# home made drawers



## mcoyfrog (Jul 23, 2008)

Hey all

I'm designing a table with drawers and would like some ideas on what you all think is the best drawers NOT using any hardware. I'm looking for the smoothest working I can get. Not going to be a whole lot of weight in them only going to be about 14"x16"x3" deep. Probably going to make them out of pine or cedar so they are light.

If I go with a simple rail system how often would I want to wax them to keep them running smooth, or maybe some kind of really neat engineered something something LOL

Anyway let me know your ideas, and hope you all had a great christmas and happy new year..


----------



## Loren (May 30, 2008)

You make a hole for the drawer with parallel web 
frames top and bottom. They have to be parallel
and flat. The sides have to be parallel and square
to the front.

From that point you can make the drawer by fitting
all 4 sides individually to the hole.


----------



## bondogaposis (Dec 18, 2011)

Dado a stopped slot in the sides of the drawer and screw runners to the inside of the carcase for the drawers to run on.


----------



## mcoyfrog (Jul 23, 2008)

both great idea's thanks.

Loren have you made or used this type of drawer b4 I interested in seeing some plans.


----------



## mcoyfrog (Jul 23, 2008)

Hey Bondo

When doing this I find wood swells with weather do you know of a way to keep this from hindering drawer movement


----------



## bondogaposis (Dec 18, 2011)

Yes, you have to be careful and pay attention to wood movement. First allow for a little wood movement by cutting the runners a little narrower than the dados so that the drawer runs on the top of the runner. A 1/16 to 1/8 should be sufficient. Secondly use quarter sawn material for the runners. Quarter sawn has roughly half the movement potential of plane sawn.


----------



## PurpLev (May 30, 2008)

there's always the shop made dovetails slides:
http://lumberjocks.com/gfixler/blog/13478


----------



## runswithscissors (Nov 8, 2012)

I've used undermount dovetail slides with pretty good success. But the dovetail channel doesn't have to be thick, if you make it 2 part. You don't even have to use a dovetail router bit. Just cut the separate sides to whatever angle you like on the TS, then mount front and rear (you'll need to put a ledge in the back to support that end). The male part is also cut on the TS and fastens to the bottom of the drawer. I like to use a hard, smooth wood like maple. Wax them up good so they slide easily. The nice thing about this is you have some adjustability to vary the tightness of the fit. This only works if you have dividers or a face frame under the drawer. For wider drawers, I have doubled up on these.
I heard about a guy that took great pride in the precision of his woodworking. Built a beautiful chest of drawers with perfect fits. Then everything swelled up and he was never able to get those drawers open again. True story! I, fortunately, don't have the skill to be that precise.


----------



## Loren (May 30, 2008)

http://forums.finewoodworking.com/fine-woodworking-knots/general-discussion/drawer-fitting


----------



## mcoyfrog (Jul 23, 2008)

Thanks again folks

I'm working on a design in sketchup now and will post it when I'm closer to done.

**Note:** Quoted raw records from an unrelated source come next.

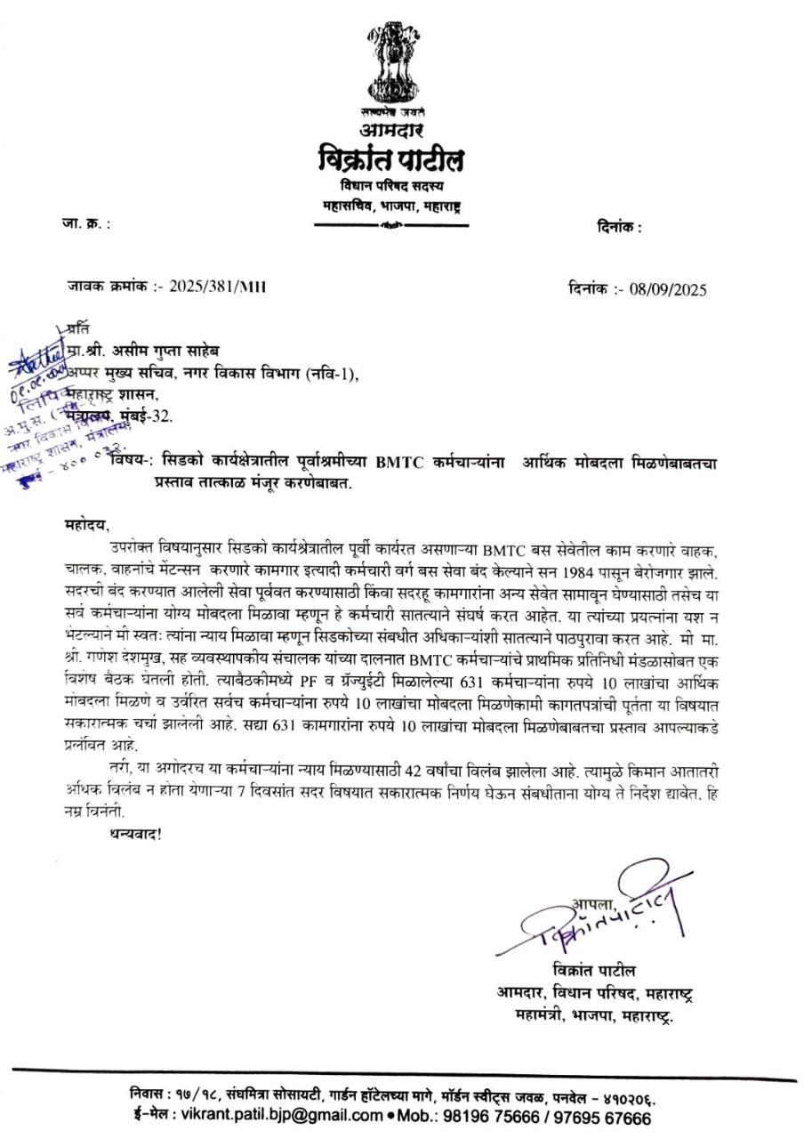 सिडको कार्यक्षेत्रातील पूर्वाश्रमीच्या BMTC कर्मचारी हे १९८४ पासून बससेवा बंद झाल्याने निराधार झाले होते. त्यांना योग्य आर्थिक मोबदला मिळावा म्हणून कर्मचारी व विविध संघटना अनेक वर्ष पाठपुरावा करत होते. परंतु तरीही ४२ वर्ष हा प्रश्न प्रलंबित होता.
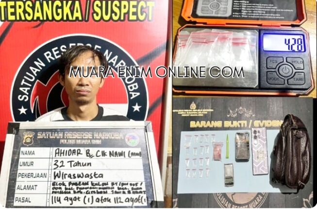 MUARAENIMONLINE.COM – PElaku pengedar narkoba jenis sabu berhasil diringkus Polres Muara Enim disebuah rumah yang beralamatkan di Desa Dalam Kecamatan Belimbing Kabupaten Muara Enim, pada Senin (01/12/2025) lalu, sekitar pukul 04:00 WIB.
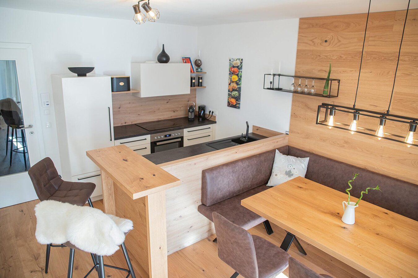 The Planaiblick Lodge in Schladming is a stylish apartment that combines modern comfort with the special atmosphere of the Alps. With 72 m², it offers enough space for up to 6 people for a relaxing vacation – ideal for families or friends who want to spend time together in the Schladming-Dachstein region. Two cozy bedrooms, two bathrooms, and a bright living and dining area with a fully equipped kitchen create a pleasant combination of privacy and shared time.
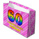 60th Birthday: Pink Stripes & Hearts, Rainbow # 60 Large Gift Bag
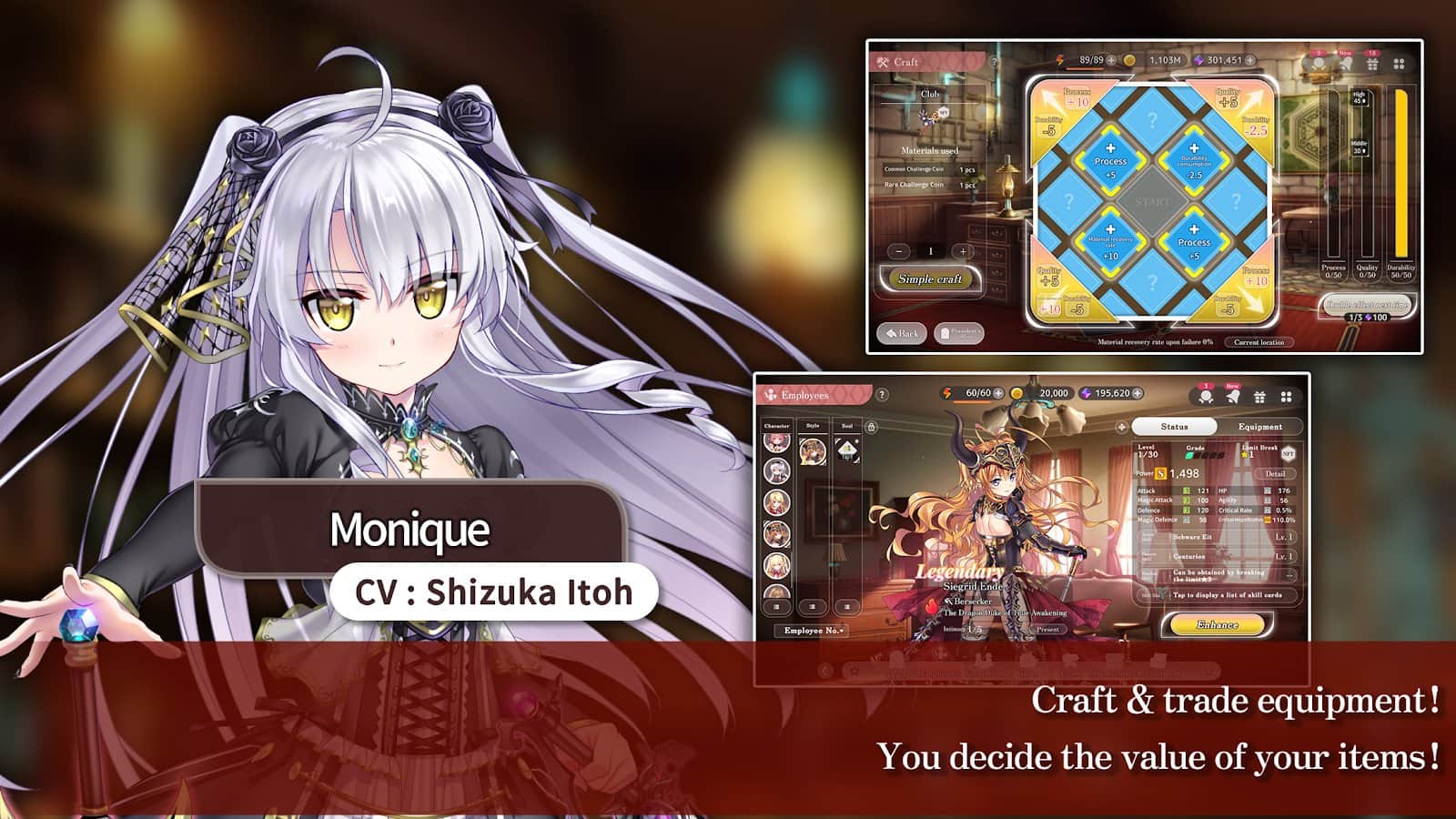 Создавай уникальное оружие и доспехи, чтобы сделать своих девушек непобедимыми.
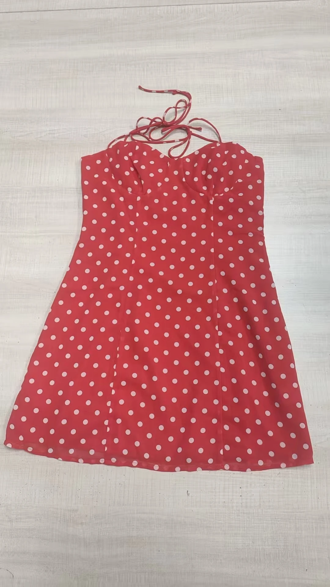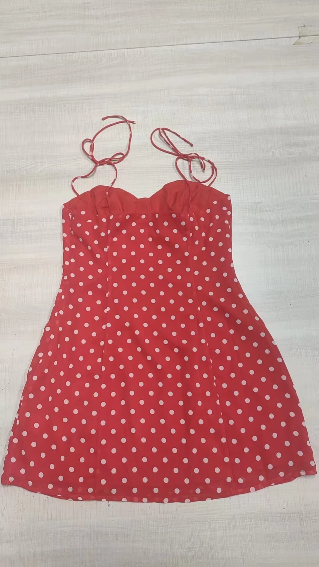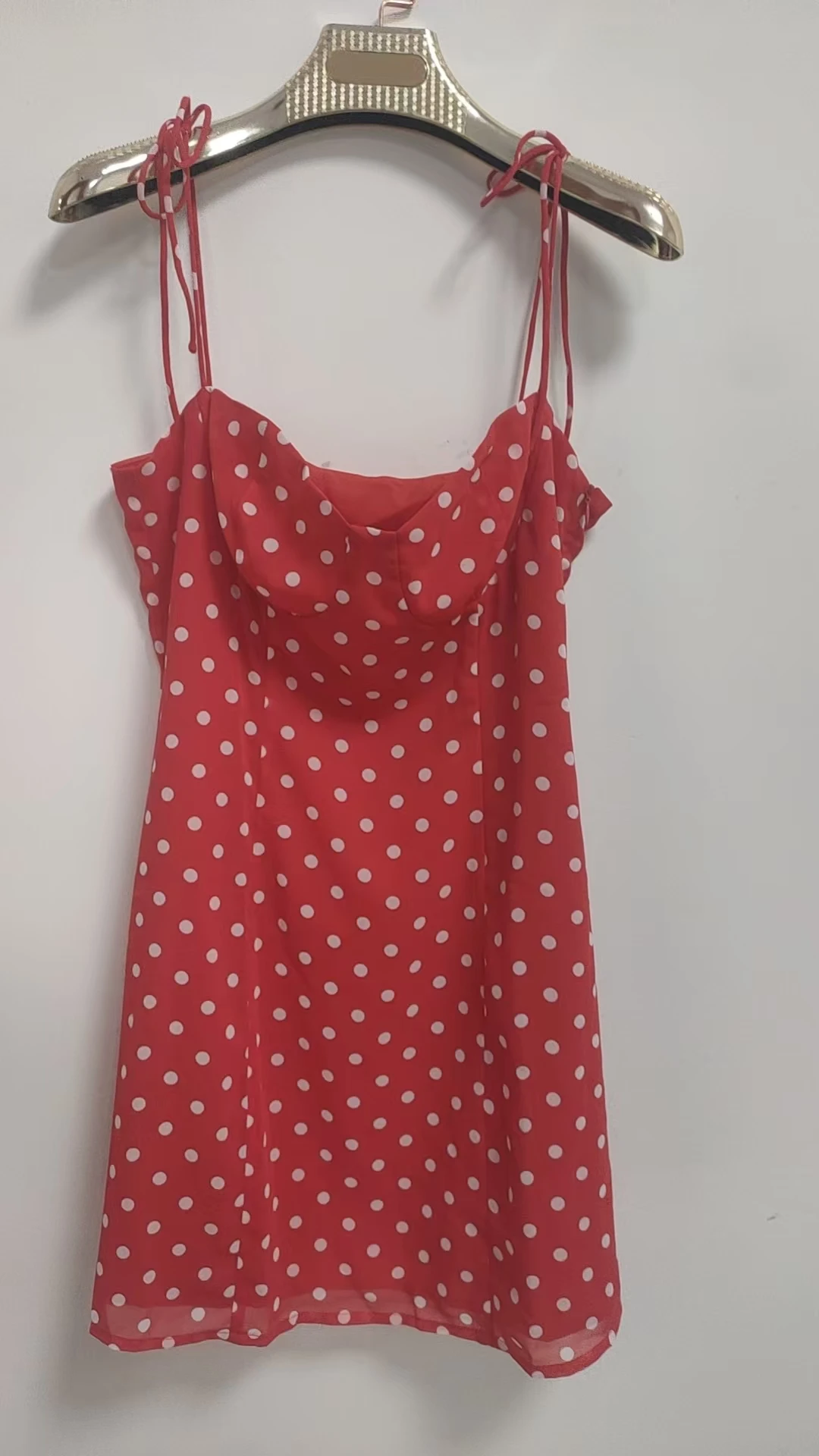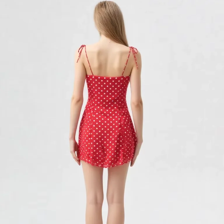Red Chiffon Mini Dress with Polka Dot Print Thin Spaghetti Straps Bow Tie Detail Natural Waistline Washable Woven Fabric
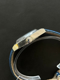 Le ton bleu de ce cadran et les aiguilles blanches forment un superbe combo qui ne laissera personne indifférent. Le tritium lume est tout présent et a très bien vieilli. La conception de cette montre avec son boîter carré lui permet d'encaisser les coups. Vous ne risquerez pas de plier l'une de ses cornes !

Bondo- didn't know that 1/4sawn was more stable thanks thats a good thing to know

Purp- thought about doing dovetail but I really suck at them. On a side note I got a dove tail jig last summer and still haven't figured out how to use it, I think I have some parts missing it just doesn't seem logical with the pieces I have.

Loren-kewl thanks I'll read that tonight when I get home and have some more time.


----------



## pintodeluxe (Sep 12, 2010)

Is your reason for not wanting hardware because you don't want to see the slides? Wood slides require maintenance. Even so, they stick and bind. I have used sliding wood dovetail products, and they just don't compare to centermount hardware. You can fully conceal centermount slides.
Good luck whatever you decide!


----------



## mcoyfrog (Jul 23, 2008)

no real reason Willie just want to, i have a bunch of side mount drawer pulls out in the barn that i got for free or close to nothing when I was working at a thrift type store. They would get lots of furniture and when it wouldn't sell for a long time they would take it to the dump to be recycled so I had the task of breaking them down, any hardware was mine woot woot.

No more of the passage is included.